# Data to use:

────────────────────────────────────────

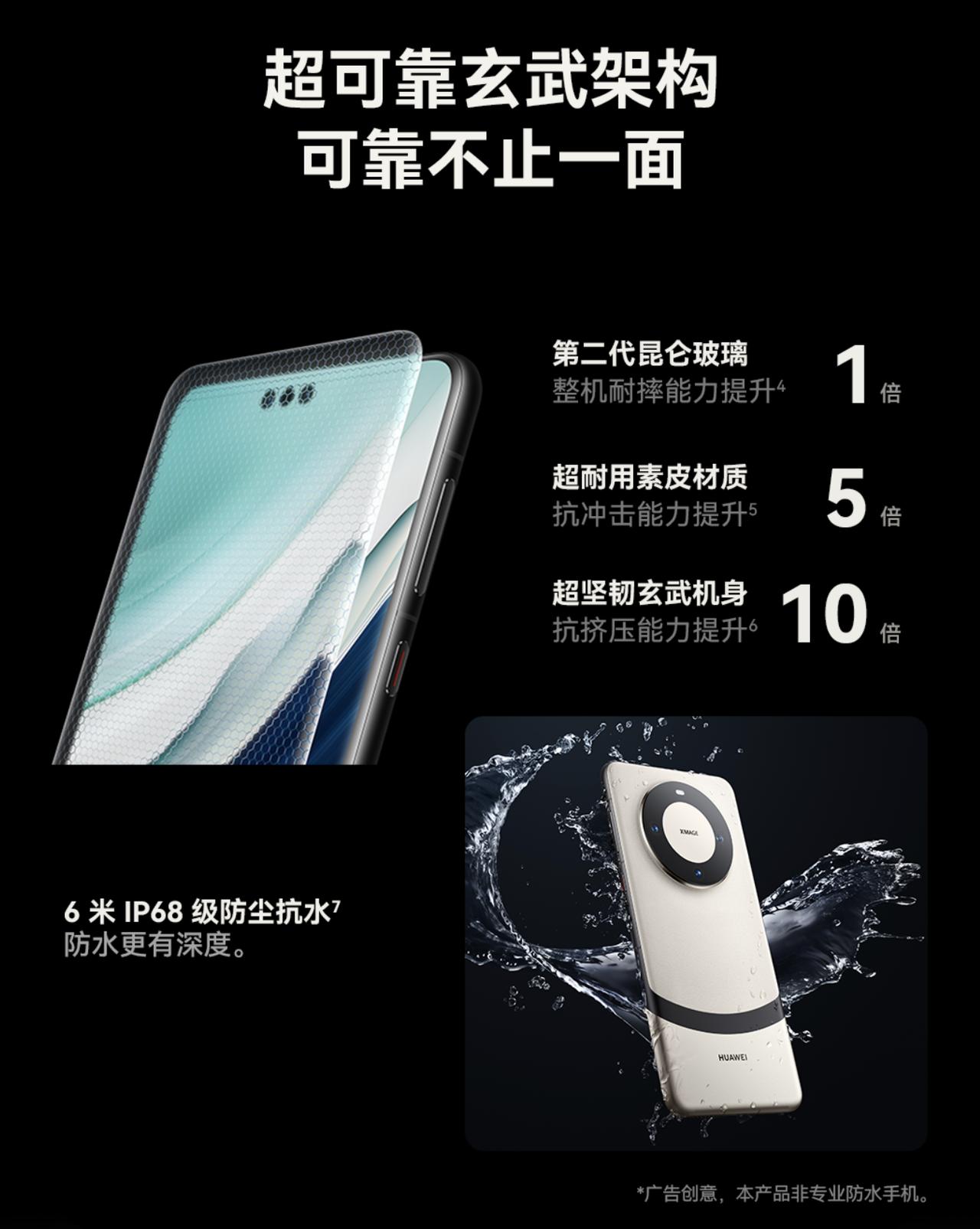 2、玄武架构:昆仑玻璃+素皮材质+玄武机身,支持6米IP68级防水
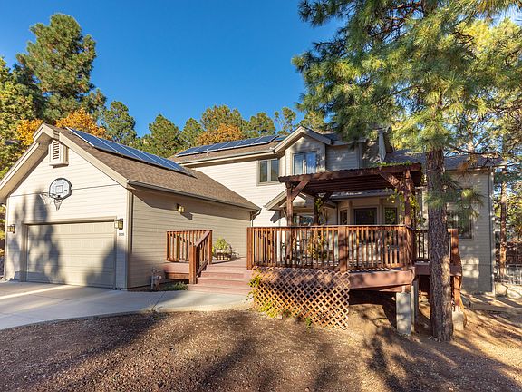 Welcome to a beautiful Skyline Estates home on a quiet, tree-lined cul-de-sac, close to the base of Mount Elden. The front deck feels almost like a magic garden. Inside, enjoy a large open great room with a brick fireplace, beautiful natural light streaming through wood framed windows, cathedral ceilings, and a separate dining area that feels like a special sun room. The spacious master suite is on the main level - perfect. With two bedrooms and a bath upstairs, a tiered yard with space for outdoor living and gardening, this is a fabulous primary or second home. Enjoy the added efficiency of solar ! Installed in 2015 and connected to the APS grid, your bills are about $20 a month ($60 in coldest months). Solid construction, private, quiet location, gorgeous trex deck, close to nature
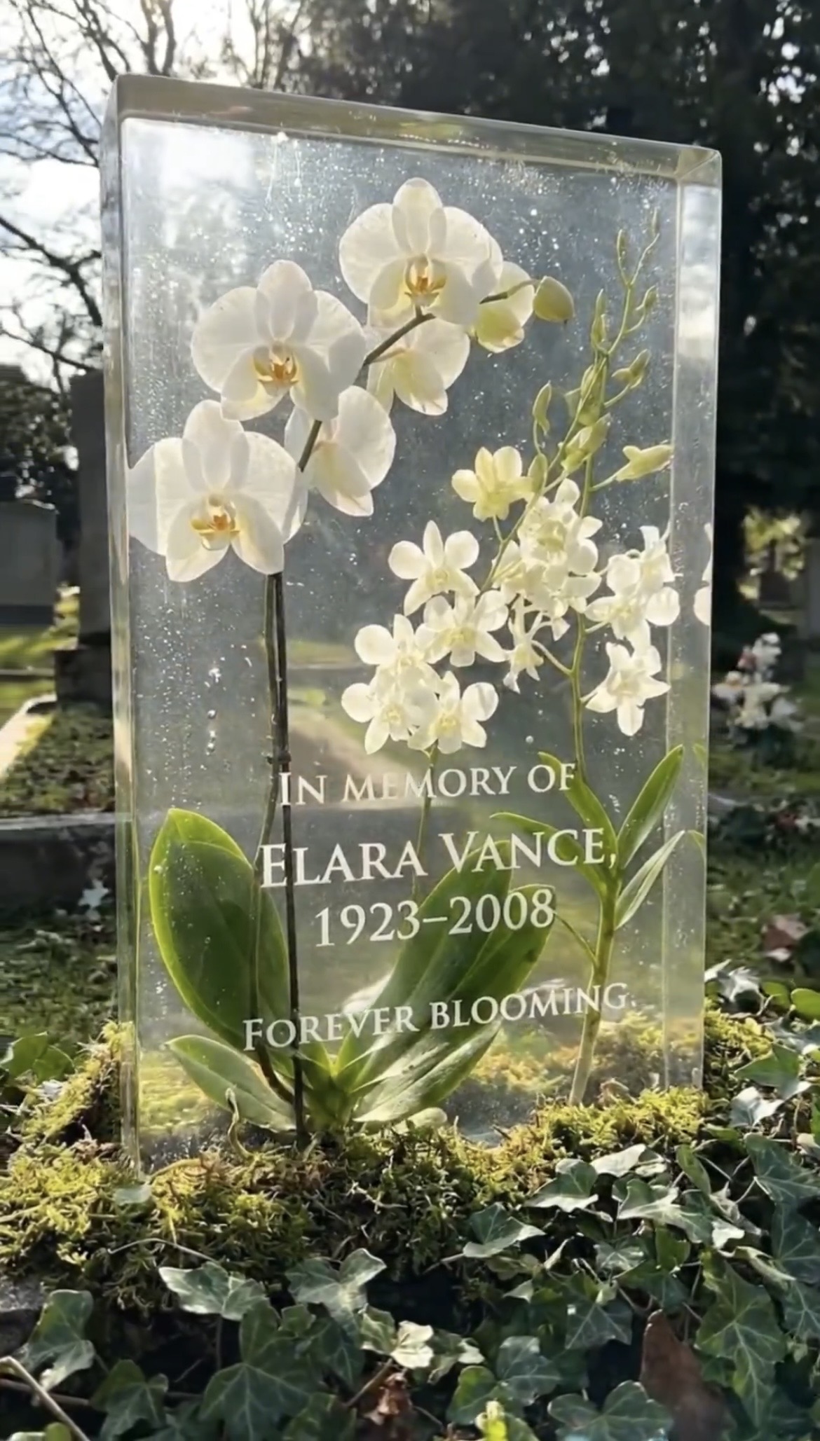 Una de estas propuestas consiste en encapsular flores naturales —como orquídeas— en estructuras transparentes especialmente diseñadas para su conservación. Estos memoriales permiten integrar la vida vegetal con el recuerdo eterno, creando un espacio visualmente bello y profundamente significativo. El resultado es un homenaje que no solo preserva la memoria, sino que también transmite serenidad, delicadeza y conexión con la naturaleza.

────────────────────────────────────────

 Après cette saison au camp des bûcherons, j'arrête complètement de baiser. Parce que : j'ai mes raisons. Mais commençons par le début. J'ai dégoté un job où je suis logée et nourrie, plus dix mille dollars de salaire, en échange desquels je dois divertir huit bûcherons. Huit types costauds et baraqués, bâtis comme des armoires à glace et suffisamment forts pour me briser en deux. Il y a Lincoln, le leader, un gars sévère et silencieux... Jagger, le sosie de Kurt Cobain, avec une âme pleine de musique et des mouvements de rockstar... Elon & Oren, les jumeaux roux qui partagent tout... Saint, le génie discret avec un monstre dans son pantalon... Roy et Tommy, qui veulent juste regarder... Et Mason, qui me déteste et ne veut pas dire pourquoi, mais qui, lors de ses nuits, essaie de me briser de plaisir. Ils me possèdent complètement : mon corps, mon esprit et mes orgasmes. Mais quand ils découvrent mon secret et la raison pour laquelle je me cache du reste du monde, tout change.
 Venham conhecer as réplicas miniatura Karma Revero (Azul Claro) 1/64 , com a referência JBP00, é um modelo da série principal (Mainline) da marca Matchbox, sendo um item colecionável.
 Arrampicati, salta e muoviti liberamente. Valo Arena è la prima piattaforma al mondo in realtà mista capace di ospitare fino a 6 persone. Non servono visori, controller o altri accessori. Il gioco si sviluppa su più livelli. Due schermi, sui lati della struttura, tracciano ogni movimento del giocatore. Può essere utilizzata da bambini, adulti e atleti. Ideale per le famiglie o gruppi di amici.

────────────────────────────────────────

# Task item:
All that is wanted is the stretch of lines above from the one containing "Venham conhecer as" through the one containing "Arrampicati, salta e", duplicated exactly.

# Finished task:
 Venham conhecer as réplicas miniatura Karma Revero (Azul Claro) 1/64 , com a referência JBP00, é um modelo da série principal (Mainline) da marca Matchbox, sendo um item colecionável.
 Arrampicati, salta e muoviti liberamente. Valo Arena è la prima piattaforma al mondo in realtà mista capace di ospitare fino a 6 persone. Non servono visori, controller o altri accessori. Il gioco si sviluppa su più livelli. Due schermi, sui lati della struttura, tracciano ogni movimento del giocatore. Può essere utilizzata da bambini, adulti e atleti. Ideale per le famiglie o gruppi di amici.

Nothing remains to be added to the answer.